__Provided information__:
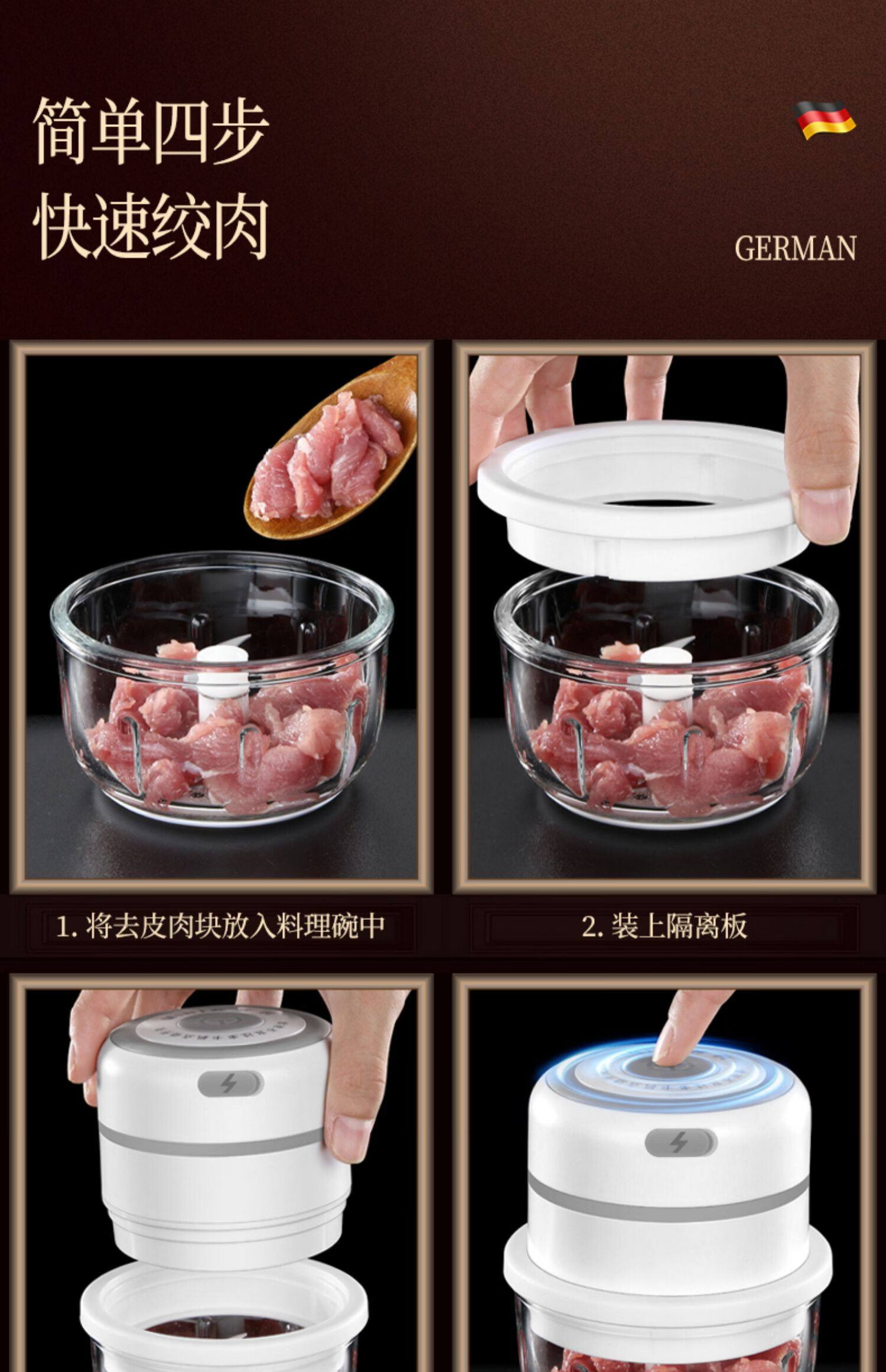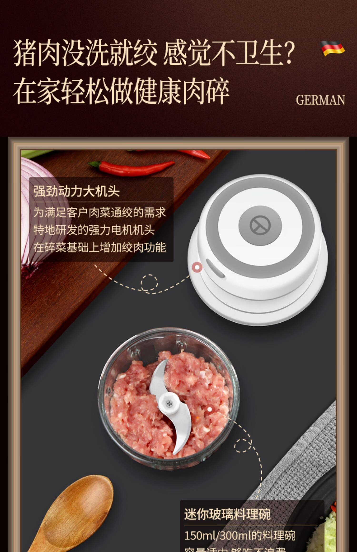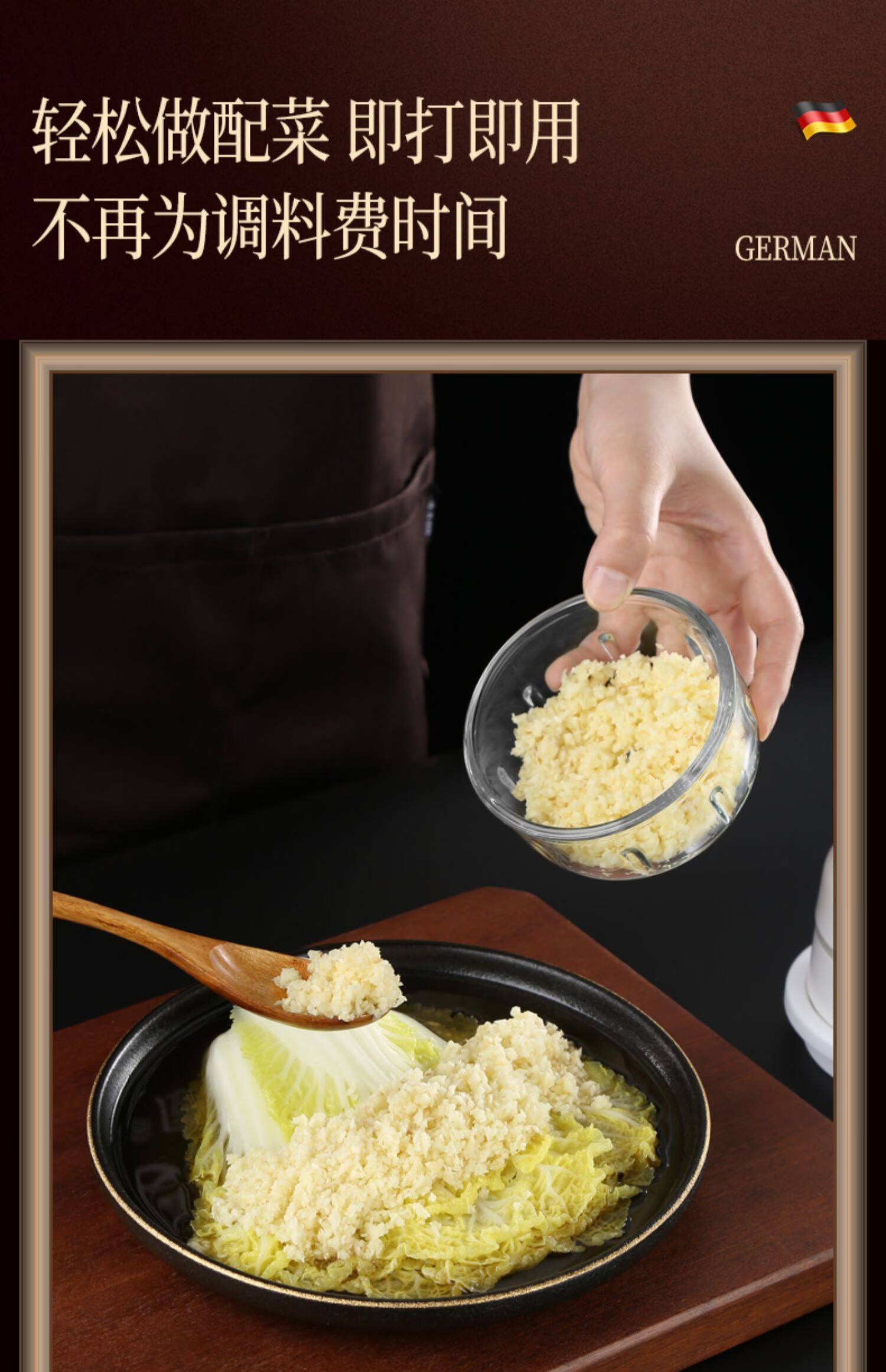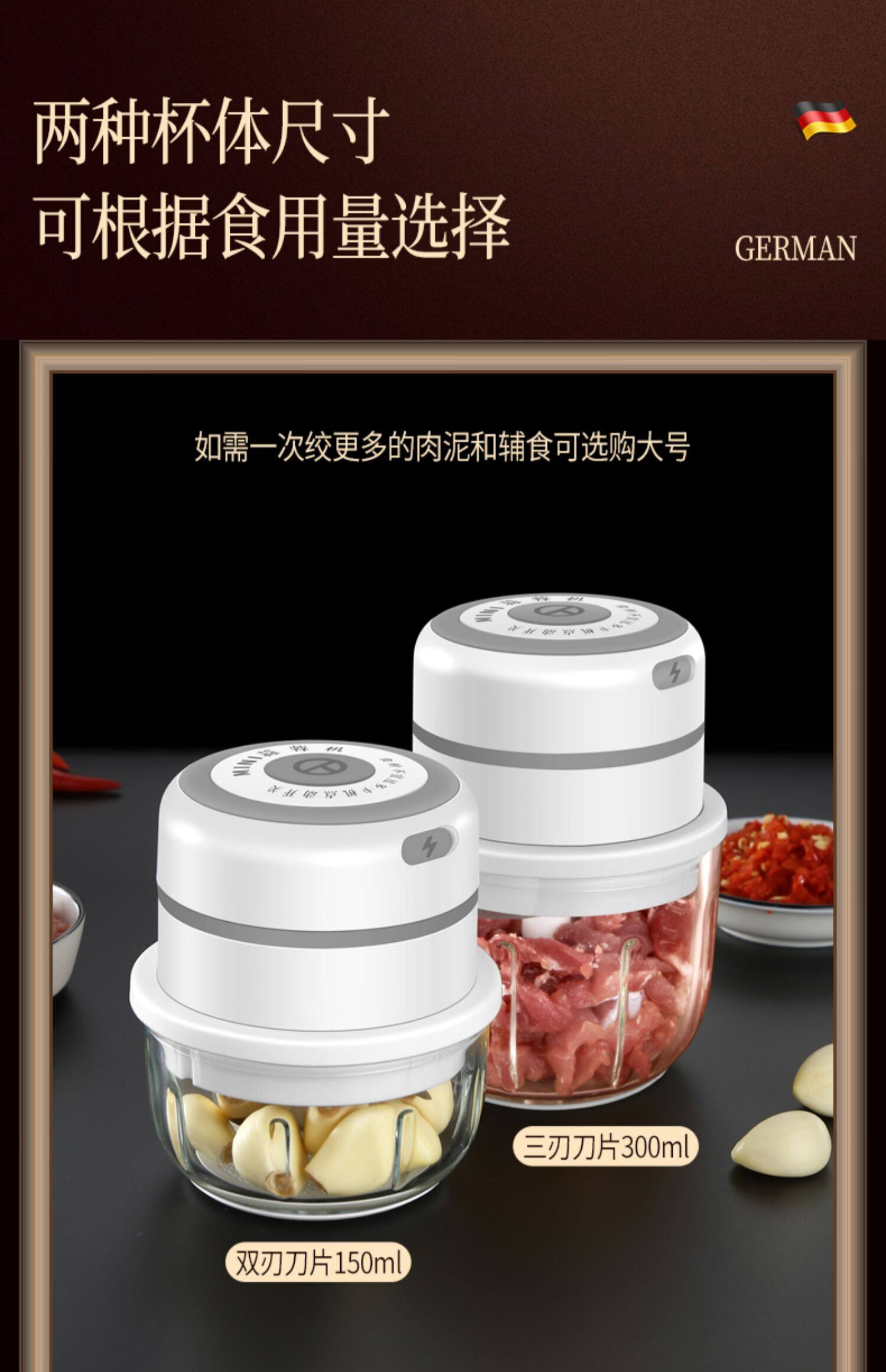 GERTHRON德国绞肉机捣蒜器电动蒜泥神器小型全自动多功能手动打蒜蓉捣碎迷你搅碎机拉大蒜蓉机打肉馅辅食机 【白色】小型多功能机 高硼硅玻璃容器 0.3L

...

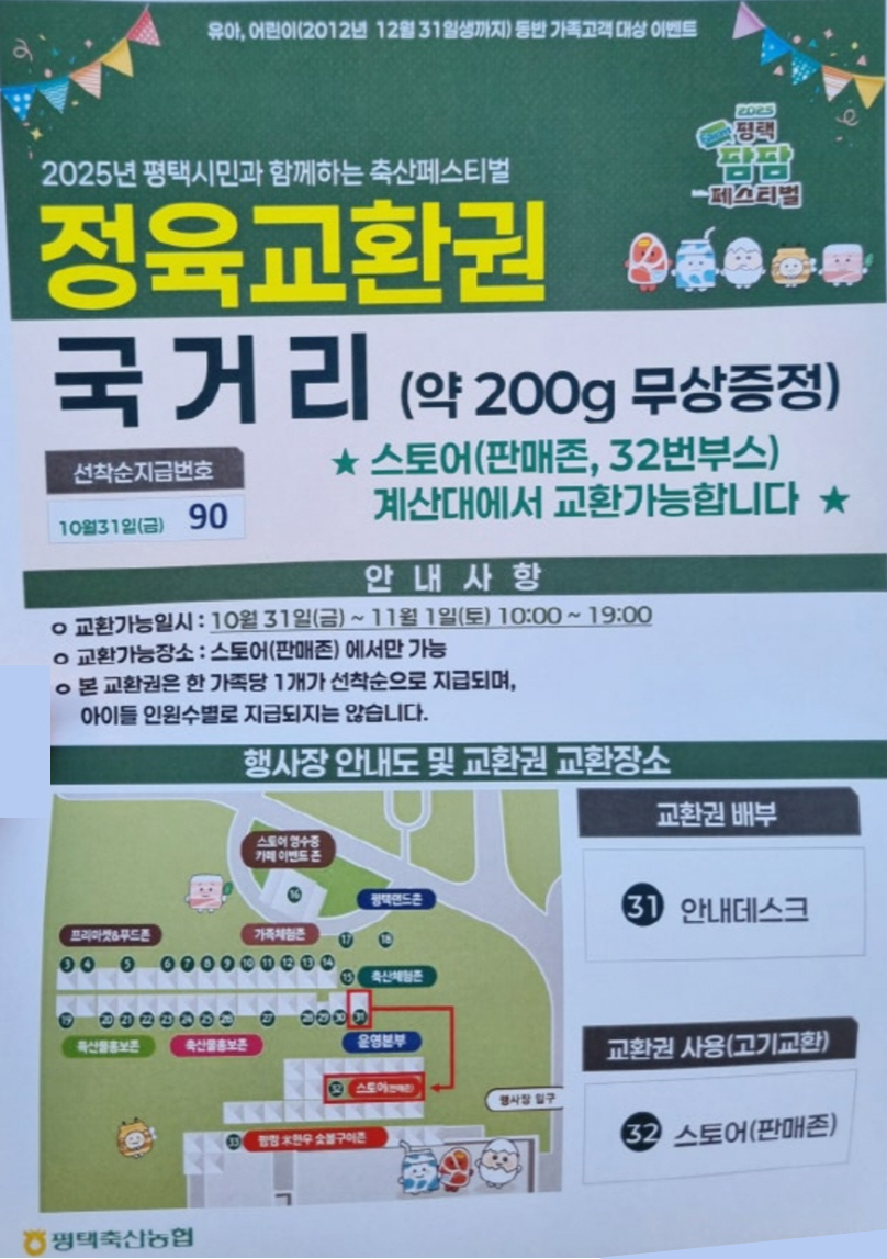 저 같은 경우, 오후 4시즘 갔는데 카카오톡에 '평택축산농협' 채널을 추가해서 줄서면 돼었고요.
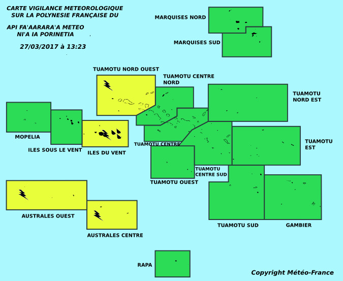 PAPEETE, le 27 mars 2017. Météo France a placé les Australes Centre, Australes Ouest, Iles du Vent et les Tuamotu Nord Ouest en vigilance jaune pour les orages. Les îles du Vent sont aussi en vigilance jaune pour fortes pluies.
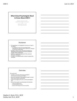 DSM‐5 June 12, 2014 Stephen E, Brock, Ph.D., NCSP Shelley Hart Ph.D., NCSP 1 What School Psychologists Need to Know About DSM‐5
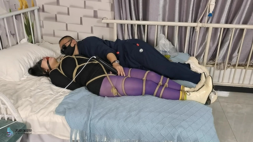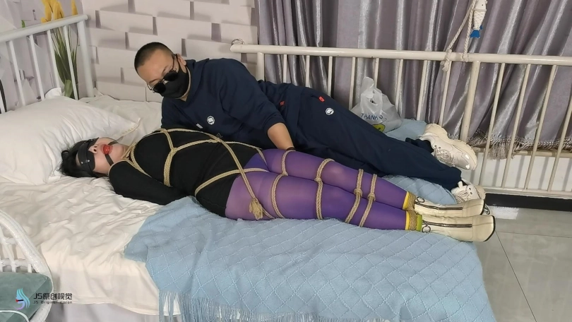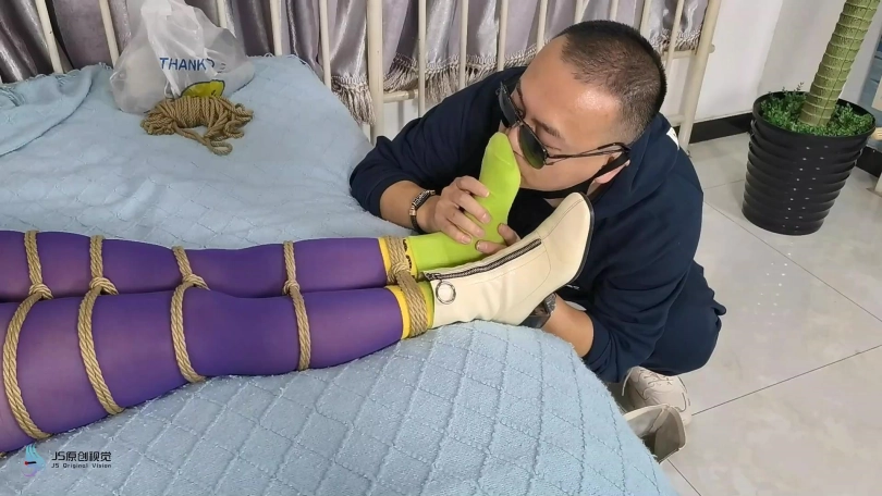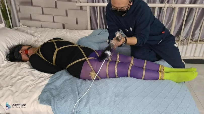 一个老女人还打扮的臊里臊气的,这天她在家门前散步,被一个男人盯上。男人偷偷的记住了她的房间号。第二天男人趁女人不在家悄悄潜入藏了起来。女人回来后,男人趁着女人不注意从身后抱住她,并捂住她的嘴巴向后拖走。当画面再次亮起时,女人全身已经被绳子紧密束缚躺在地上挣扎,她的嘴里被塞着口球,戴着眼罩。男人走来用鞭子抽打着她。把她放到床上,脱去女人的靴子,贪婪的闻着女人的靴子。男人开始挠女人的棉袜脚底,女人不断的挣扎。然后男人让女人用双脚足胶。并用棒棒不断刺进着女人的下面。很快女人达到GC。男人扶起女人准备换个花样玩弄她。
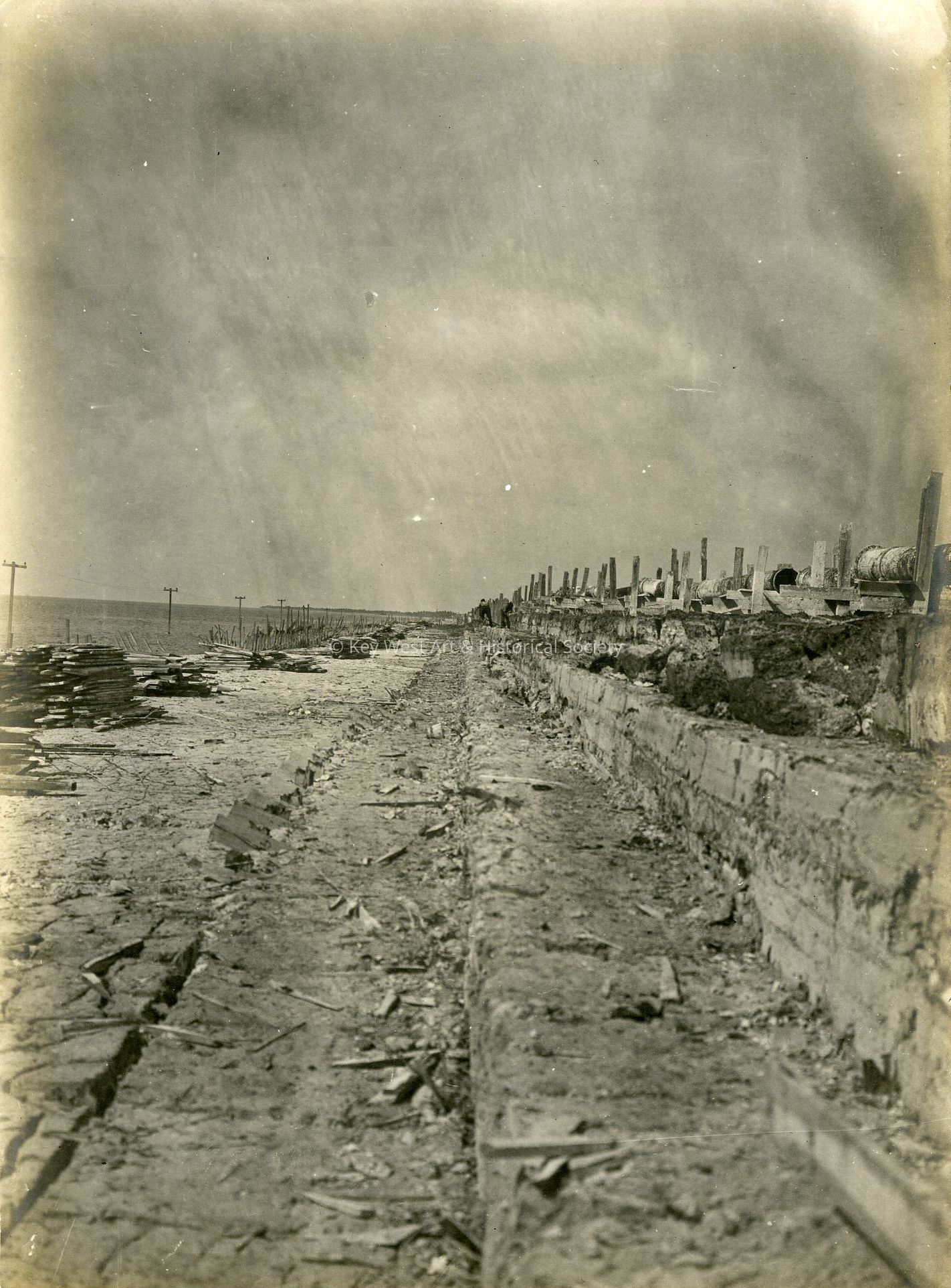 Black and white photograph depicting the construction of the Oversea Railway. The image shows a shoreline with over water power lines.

==

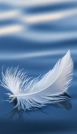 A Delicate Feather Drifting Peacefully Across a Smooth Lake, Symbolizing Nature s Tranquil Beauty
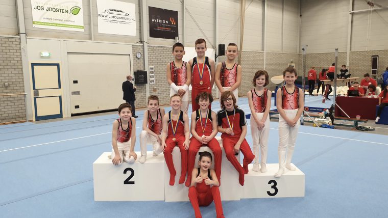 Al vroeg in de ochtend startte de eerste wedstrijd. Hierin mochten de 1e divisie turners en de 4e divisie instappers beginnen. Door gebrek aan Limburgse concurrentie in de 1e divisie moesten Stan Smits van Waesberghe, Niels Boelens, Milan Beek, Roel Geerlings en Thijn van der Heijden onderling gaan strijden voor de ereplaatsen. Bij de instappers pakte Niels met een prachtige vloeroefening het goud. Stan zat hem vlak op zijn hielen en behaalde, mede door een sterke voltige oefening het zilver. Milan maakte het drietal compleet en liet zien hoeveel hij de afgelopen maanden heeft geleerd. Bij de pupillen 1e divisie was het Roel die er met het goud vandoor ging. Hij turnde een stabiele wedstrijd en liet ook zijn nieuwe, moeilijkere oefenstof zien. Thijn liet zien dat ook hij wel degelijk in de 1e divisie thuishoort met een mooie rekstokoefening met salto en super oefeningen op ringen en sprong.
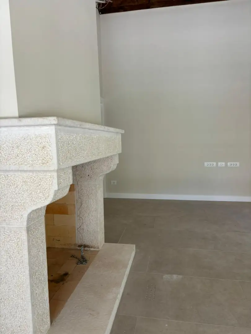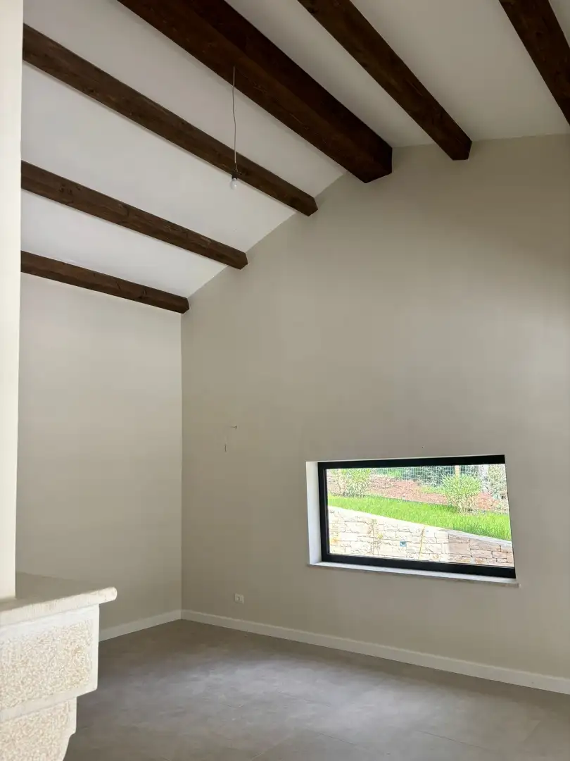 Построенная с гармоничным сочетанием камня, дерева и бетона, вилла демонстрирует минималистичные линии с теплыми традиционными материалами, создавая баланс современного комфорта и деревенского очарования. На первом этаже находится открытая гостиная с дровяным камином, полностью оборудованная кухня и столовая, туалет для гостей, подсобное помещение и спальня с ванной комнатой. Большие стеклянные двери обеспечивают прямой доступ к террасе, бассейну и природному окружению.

__What you should do__:
From the data above, retype only the lines starting with the line with "A Delicate Feather" and going on through the line with "Построенная с гармоничным", exactly, leaving out the pictures.

__Output for this exercise__:
 A Delicate Feather Drifting Peacefully Across a Smooth Lake, Symbolizing Nature s Tranquil Beauty
 Al vroeg in de ochtend startte de eerste wedstrijd. Hierin mochten de 1e divisie turners en de 4e divisie instappers beginnen. Door gebrek aan Limburgse concurrentie in de 1e divisie moesten Stan Smits van Waesberghe, Niels Boelens, Milan Beek, Roel Geerlings en Thijn van der Heijden onderling gaan strijden voor de ereplaatsen. Bij de instappers pakte Niels met een prachtige vloeroefening het goud. Stan zat hem vlak op zijn hielen en behaalde, mede door een sterke voltige oefening het zilver. Milan maakte het drietal compleet en liet zien hoeveel hij de afgelopen maanden heeft geleerd. Bij de pupillen 1e divisie was het Roel die er met het goud vandoor ging. Hij turnde een stabiele wedstrijd en liet ook zijn nieuwe, moeilijkere oefenstof zien. Thijn liet zien dat ook hij wel degelijk in de 1e divisie thuishoort met een mooie rekstokoefening met salto en super oefeningen op ringen en sprong.
 Построенная с гармоничным сочетанием камня, дерева и бетона, вилла демонстрирует минималистичные линии с теплыми традиционными материалами, создавая баланс современного комфорта и деревенского очарования. На первом этаже находится открытая гостиная с дровяным камином, полностью оборудованная кухня и столовая, туалет для гостей, подсобное помещение и спальня с ванной комнатой. Большие стеклянные двери обеспечивают прямой доступ к террасе, бассейну и природному окружению.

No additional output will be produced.